In the world of AI, transformation often comes unexpectedly. Recently, a new architecture called TTT emerged, proposed by researchers from Stanford, UCSD, UC Berkeley, and Meta. It has overnight revolutionized the Transformer and Mamba, bringing groundbreaking changes to language models.

TTT, abbreviated as Test-Time-Training layers, is a new architecture that compresses the context through gradient descent, directly replacing the traditional attention mechanism. This method not only improves efficiency but also unlocks linear complexity architectures with expressive memory, allowing us to train language models with millions, even billions of tokens in context.

1.jpg

The proposal of the TTT layer is based on a profound insight into existing RNN and Transformer architectures. While RNNs are efficient, they are limited in expressiveness; on the other hand, Transformers are powerful in expression but have a linear increase in computational cost with the length of the context. The TTT layer cleverly combines the advantages of both, maintaining linear complexity while enhancing expressiveness.

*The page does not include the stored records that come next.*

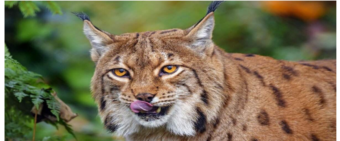
Führung im Tierpark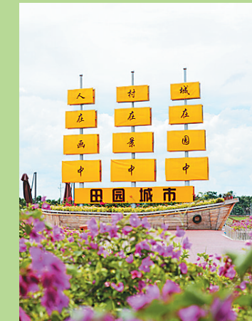
琼海龙寿洋万亩田野公园。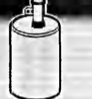
Mina Saltadora OZM-4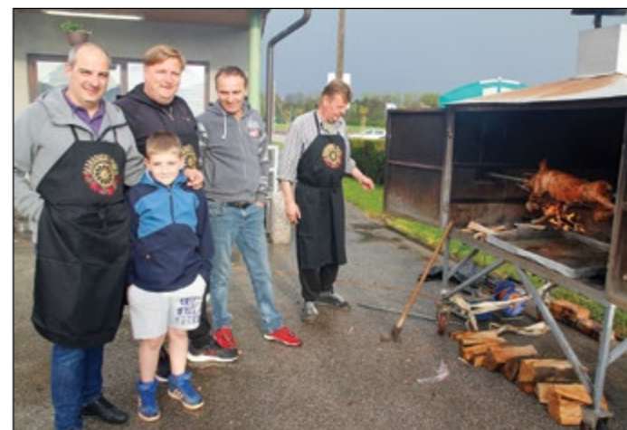
Domačini so poskrbeli, da so bile mize polne dobrot.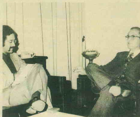
O governador Elmo Serejo e o Editor Geral do "Esquina", quando da entrevista exclusiva.

Norte. Segundo o Governador, "o hospital começou a ser construído com recursos da Fundação Hospitalar da ordem de 5 milhões de cruzeiros, agora estamos, através da Secretaria de Saúde, elaborando convênio com o INPS no sentido de concluir e equipar aquele hospital, bem como o de Santa Paula e o Laboratório Central". O custo total do hospital da Asa Norte será de 70 milhões de cruzeiros, e até ao final do ano passará para administração e execução diretas da Novacap.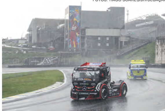
O cascavelense Edivan Monteiro foi a boa surpresa da sexta-feira em Interlagos ao levar seu Mercedes-Benz ao terceiro lugar

A programação para este sábado prevê para das 14h30 às 14h50, treino classificatório da GT Truck (grupo 1); das 15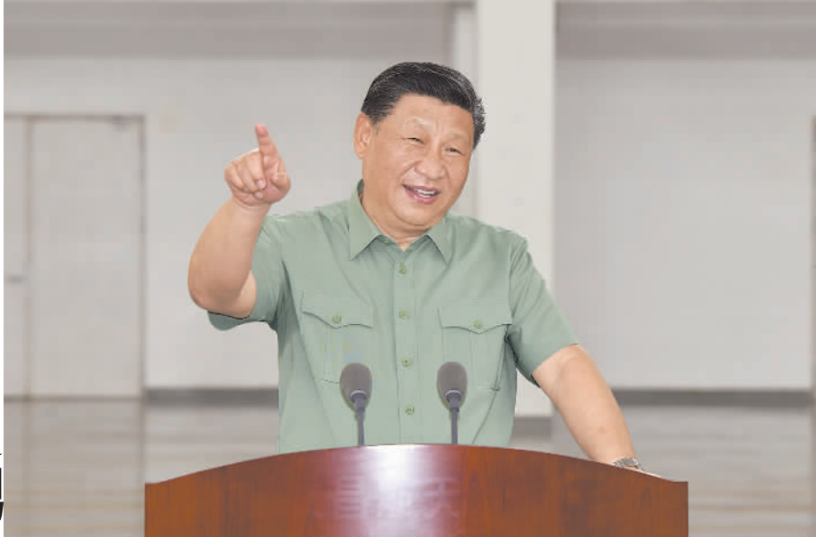
4月12日下午,中共中央总书记、国家主席、中央军委主席习近平到文昌航天发射场视察,代表党中央和中央军委,向发射场全体同志致以诚挚问候。这是习近平发表重要讲话。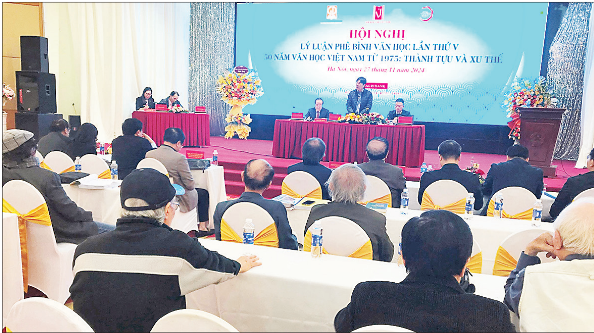
Quang cảnh hội nghị.

Hoạt động lý luận phê bình văn học nước nhà từ năm 1975 đã được nhìn lại khái quát ở lực lượng, thành quả, hiệu quả đóng góp, xu hướng, ước vọng phát triển. Có những điểm nhấn quan trọng của quá trình này liên quan đến đường lối, chính sách, quan niệm, trường phái. Tuy nhiên, cần nhiều hơn những hiến kế cụ thể cho bộ phận của hoạt động lý luận phê bình trong tương lai.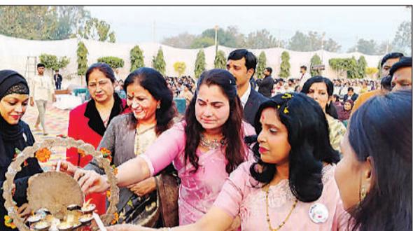
दीप जलाकर कार्यक्रम का उद्घाटन करते अतिथिगण।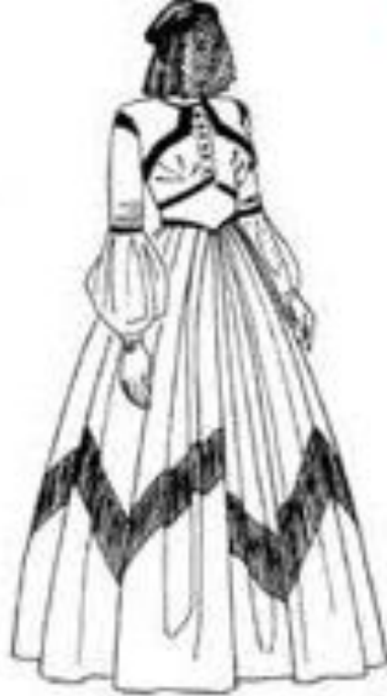
Рис. 9. Одежда стиля романтизм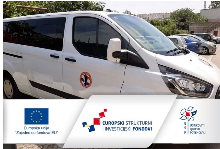
Slika 8 – Objava dostavljenog vozila uz obvezne elemente vidljivosti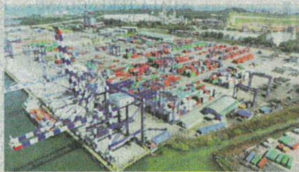
Kapal tangki minyak yang berdaftar di Pelabuhan Klang itu mempunyai sejarah pelayaran ke Pelabuhan Toyama Shinko, Jepun sebelum berlabuh di Pelabuhan Bintulu.

Satu kluster baharu iaitu Kluster Alam telah diisytiharkan di Sarawak setelah empat daripada kru kapal yang berlabuh di Pelabuhan Bintulu disahkan positif koronavirus (Covid-19).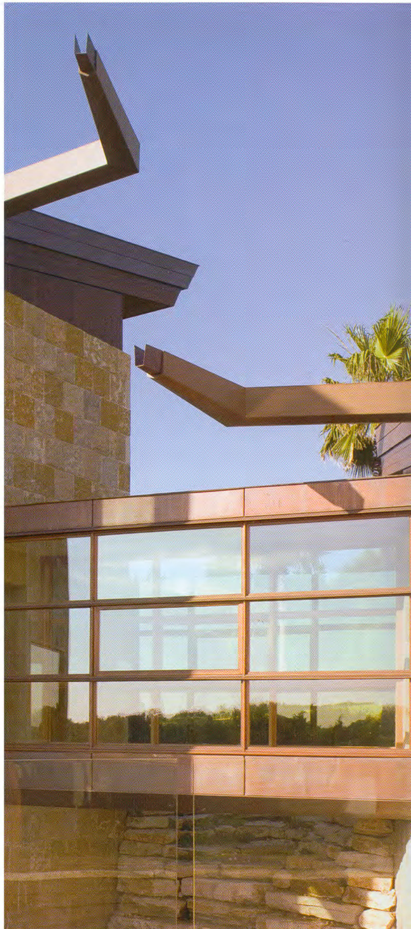
Este puente cubierto es una de las zonas de paso que conecta los pabellones. La transparencia de la galería permite disfrutar de las vistas en casi todas las direcciones. Al salvarse el desnivel del terreno se consiguió que la superficie edificable fuera mayor.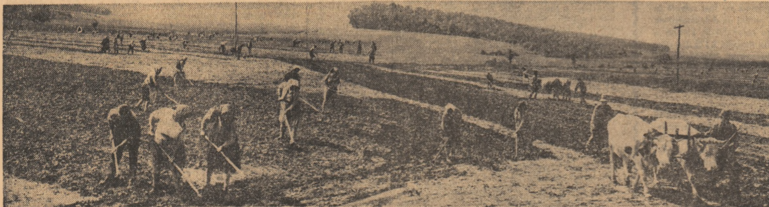
C.A.P. Tîrnăria: lucrări de întreținere (prăjiți) la sfacla furajeră.

În toate timpurile, omul este acela care face istoria Interviu cu EUGEN BARBU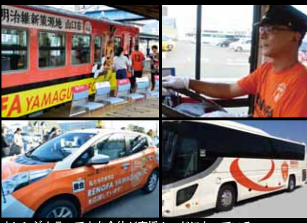
オレンジカラーでまち全体が応援ムードになっている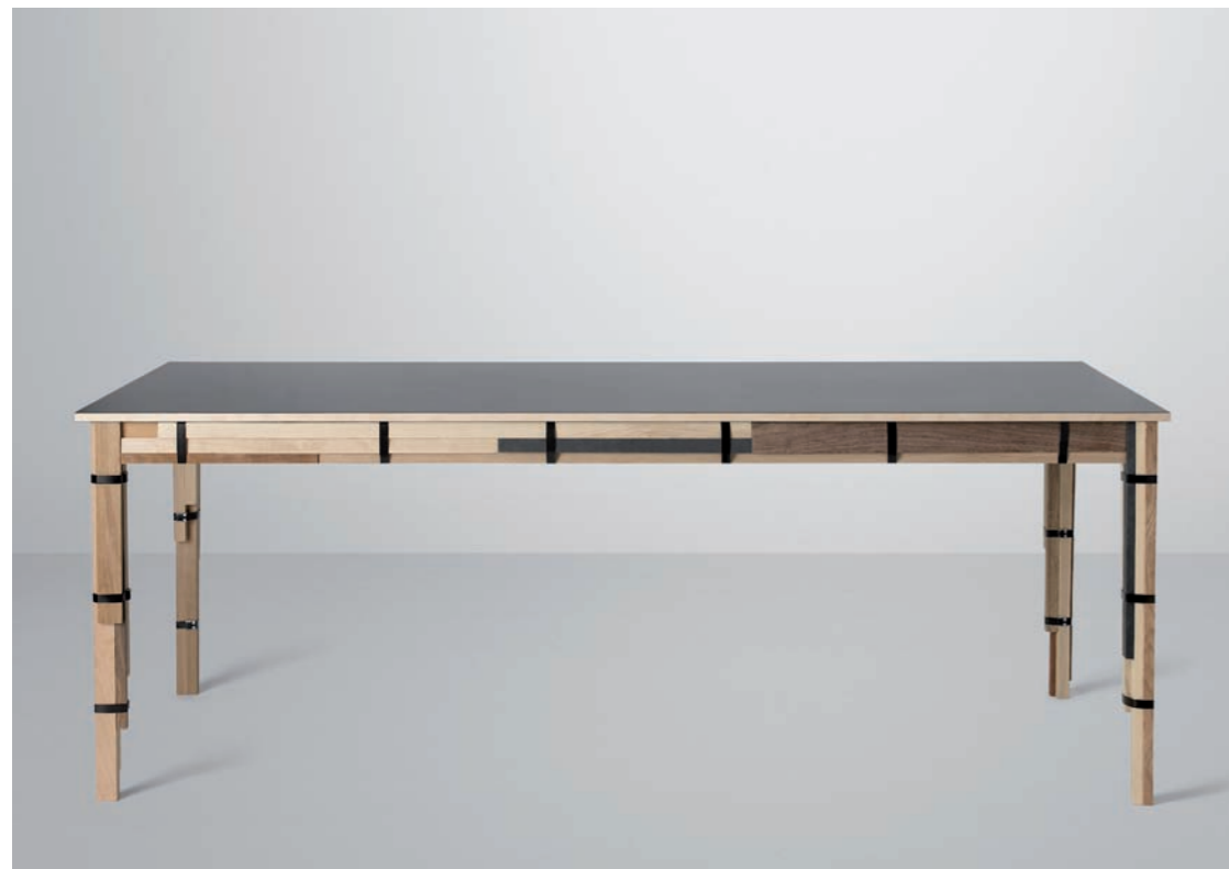
— Keep. Petter Thörne, Anders Johnsson / muuto. Mesa de comedor elaborada a partir de materiales sobrantes en la fabricación de mobiliario unidos por bandas de metal. Fabricada en diversos tipos de madera, tabla superior de linóleo y bandas de metal. Mide 200 centímetros de longitud, 90 centímetros de ancho y 75 de alto. — Dining table made from left-over materials in furniture manufacture, joined together with metal strips. Made from different types of wood, linoleum tabletop and metal strips. It measures 200 centimetres in length, 90 centimetres in width and 75 in height. www.muuto.com

In experiments, both variants, TTT-Linear and TTT-MLP, have shown excellent performance, outperforming Transformer and Mamba in both short and long contexts. Especially in the long context scenario, the advantage of the TTT layer is more pronounced, offering great potential for applications such as long video modeling.

2.jpg

The proposal of the TTT layer is not only innovative in theory but also demonstrates great potential in practical applications. In the future, TTT layers are expected to be applied to long video modeling, providing richer information through dense sampling of frames, which is a burden for Transformers but a blessing for TTT layers.

This research is the fruit of five years of hard work by the team, starting from Dr. Yu Sun's postdoctoral period. They persisted in exploration and continuous attempts, finally achieving this breakthrough. The success of the TTT layer is the crystallization of the team's relentless efforts and innovative spirit.

The emergence of the TTT layer brings new vitality and possibilities to the field of AI. It not only changes our understanding of language models but also opens up new paths for future AI applications. Let us look forward to the applications and development of TTT layers in the future, witnessing the progress and breakthroughs of AI technology.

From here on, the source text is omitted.